El rechazo a combatir la pederastia

Enrique Flores Oropeza

Desalentadoras, por decir lo menos, son las conclusiones que arrojó La Cumbre de El Vaticano contra la Pederastia, porque estuvieron orientadas a invitar a cambiar la mentalidad de los sacerdotes y no a castigar a los que han cometido o siguen cometiendo este delito.

Algunas conclusiones incluso resultan contradictorias, como la de efectuar para los candidatos al sacerdocio “una evaluación psicológica por parte de expertos calificados y acreditados”; irónicas, como las de acompañar, proteger y cuidar de las víctimas, ofreciéndoles todo para el apoyo necesario en una completa curación, o vagas y sin relación alguna como la de “elevar la edad mínima para el matrimonio hasta los 16 años”.

En suma, el Papa Francisco pidió hacer lo que no se ha hecho, pero no esbozó siquiera una mínima pretensión de llevar a la justicia religiosa, ya no digamos laica, a los sacerdotes delincuentes que aún están impunes.

Los escándalos más recientes en Estados Unidos, Irlanda y Chile, y las investigaciones en Alemania y España, han obligado, y sólo obligado, a la iglesia católica a realizar esta Cumbre para abordar un problema que no es nuevo y tampoco superficial, y que requiere cambios, pero no en la mentalidad de los seminaristas, sino en los fundamentos de la  iglesia. Porque la proclividad a la comisión de este delito no está en evaluar psicológicamente a los candidatos a sacerdotes, sino en su ejercicio del poder en las comunidades, y en el poder de todo el aparato eclesial para reprimir a los denunciantes o encubrir a sus miembros que han delinquido.

La iglesia católica vive una crisis de autoridad moral, y el Papa Francisco evadió abordar el factor nodal que subyace a este problema: el incumplimiento del voto del celibato. Los casos denunciados de pederastia en todo el mundo, pero también de violaciones a monjas y de miles de sacerdotes amancebados es sólo la punta del iceberg que desvela que el celibato es más una promesa y un deseo que un ejercicio de sacrificio y amor.

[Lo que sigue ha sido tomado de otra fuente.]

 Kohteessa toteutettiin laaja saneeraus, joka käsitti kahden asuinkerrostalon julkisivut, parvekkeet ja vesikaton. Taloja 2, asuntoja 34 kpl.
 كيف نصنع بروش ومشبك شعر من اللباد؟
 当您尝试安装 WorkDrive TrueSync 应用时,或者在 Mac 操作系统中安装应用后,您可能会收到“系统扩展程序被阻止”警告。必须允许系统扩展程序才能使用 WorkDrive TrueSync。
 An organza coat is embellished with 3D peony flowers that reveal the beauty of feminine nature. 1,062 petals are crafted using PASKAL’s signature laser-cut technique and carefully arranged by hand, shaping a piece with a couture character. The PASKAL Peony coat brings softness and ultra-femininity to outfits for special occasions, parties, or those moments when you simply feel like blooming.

La iglesia católica se resquebraja por ese flanco. Su descrédito crece y se expresa por una pérdida, mínima pero constante, de feligresía. Su doctrina no está ya respaldada por los hechos y, en un mundo en que debiera ser un consuelo ante la inseguridad y delincuencia que viven los países, su proceder es parte de ésta.

Por ello urge la reconversión profunda de la iglesia católica, y para empezar el Papa debiera validar y normalizar lo ya existente. El sacerdote debe convertirse en un líder moral en su comunidad y para ello debe ser parte de ella para conocerla y que la misma comunidad lo conozca a él desde una relación de igualdad, y no de intermediario entre Dios y los creyentes, porque eso lo sitúa en una relación de poder. ¿Con qué autoridad moral un sacerdote puede escuchar pecados de pareja si él no forma –aparentemente- una? ¿Cómo podría comprender las tribulaciones de los hijos si no tiene los propios? ¿Cómo aconsejar a esposos si no es uno de ellos en su comunidad? Se requiere de una nueva concepción del sacerdocio, más mundana, pero también más realista.

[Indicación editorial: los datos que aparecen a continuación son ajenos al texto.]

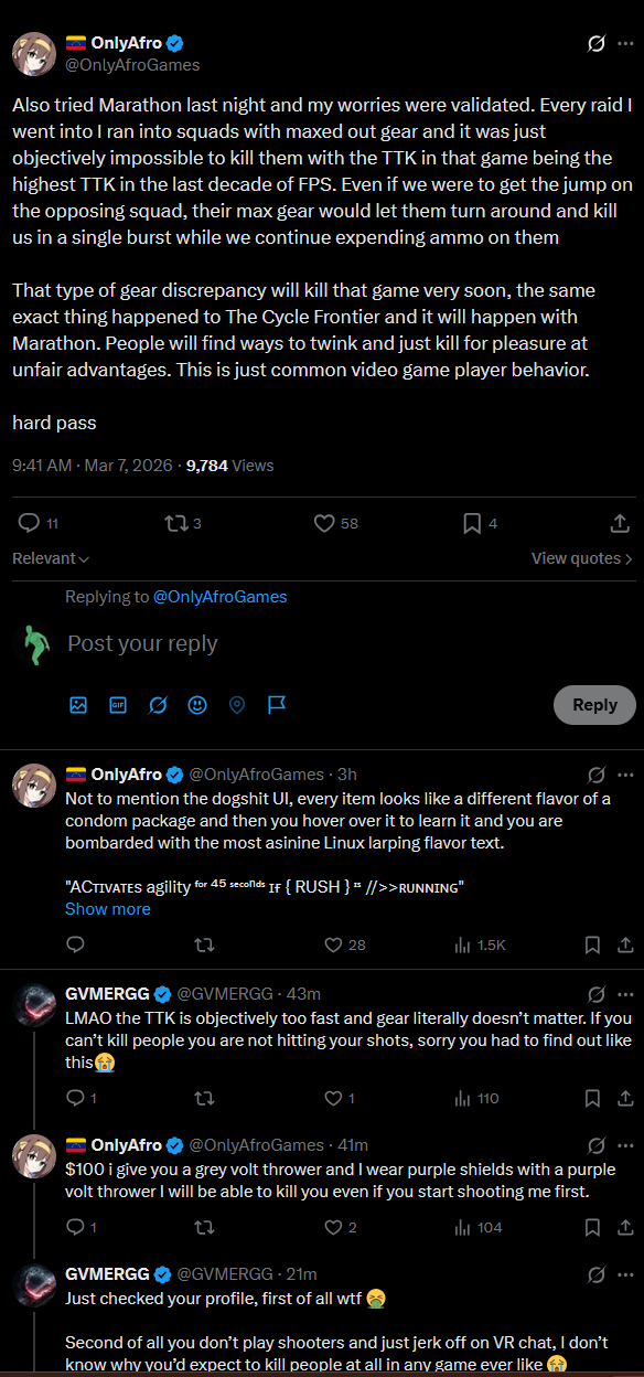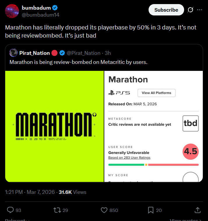 >>559641147It’s funny you mentioned Destiny’s launch because that game’s launch window was hard carried by all the goodwill and hype they had built up from Halo. It would have died otherwise. Comparatively speaking, Marathon is getting murdered in no small part because Bungle has spent the better part of this decade burning all goodwill and trust
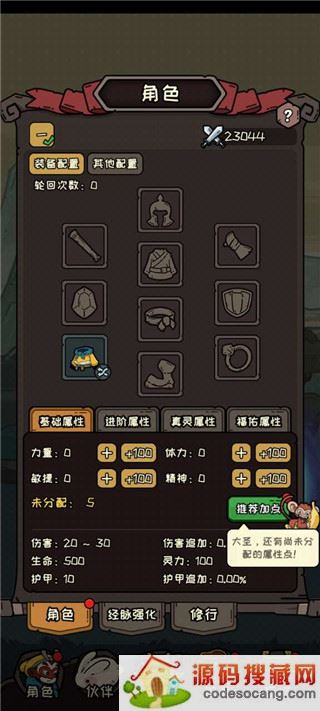 5、点击左下角角色,可以进入人物页面,可以在这里查看角色当前属性,还可以对角色进行加点强化。
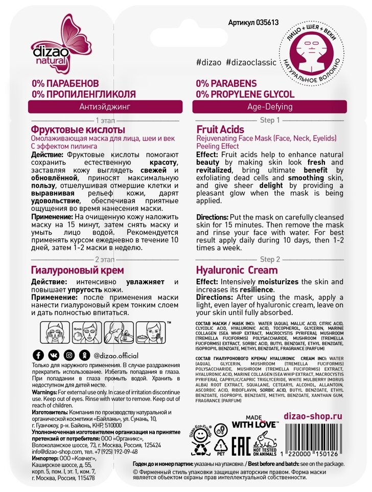 Маска Dizao Омолаживающая фруктовые кислоты (31644)
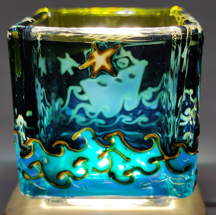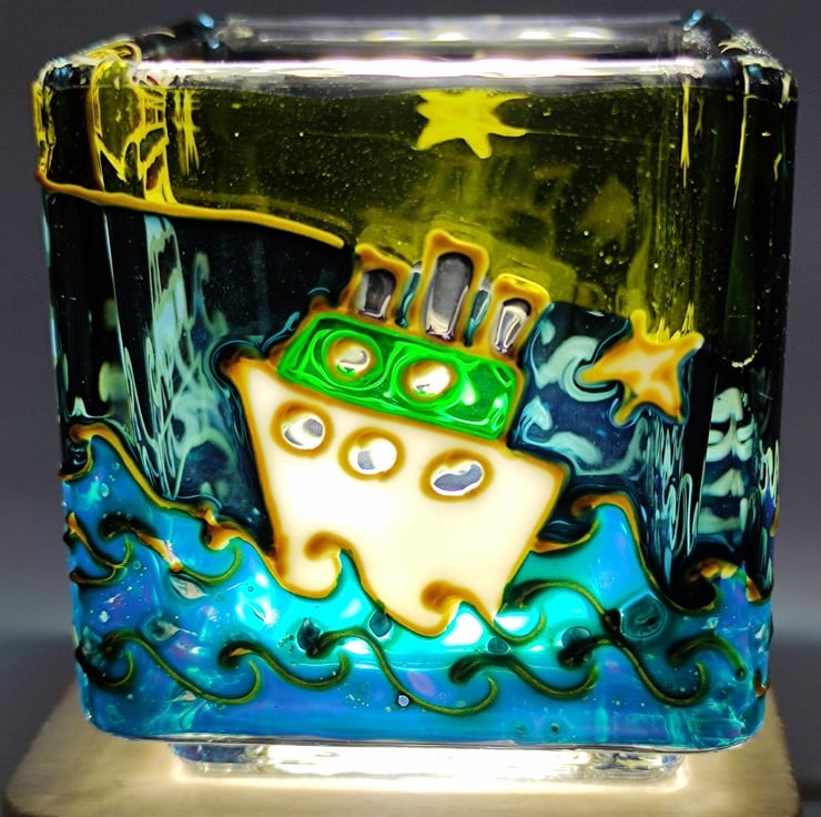 Hand painted glass candle holder, lighthouse and ship in a storm

Como es una transformación profunda que requiere análisis y muchos concilios, la iglesia católica podría empezar por cancelar la movilidad de los sacerdotes, que sólo ha servido para evitar la persecución de las víctimas y comunidades ofendidas, y poner a disposición de la justicia a todos sus miembros acusados. Sería el gesto indispensable para mostrar que está con su feligresía y que no sólo se sirve de ella.

La iglesia católica debe impulsar desde su jerarquía los cambios necesarios para mantener la fe en sus creencias en un ámbito sin riesgos, antes que los cambios los realice la feligresía, incluida la de iglesia.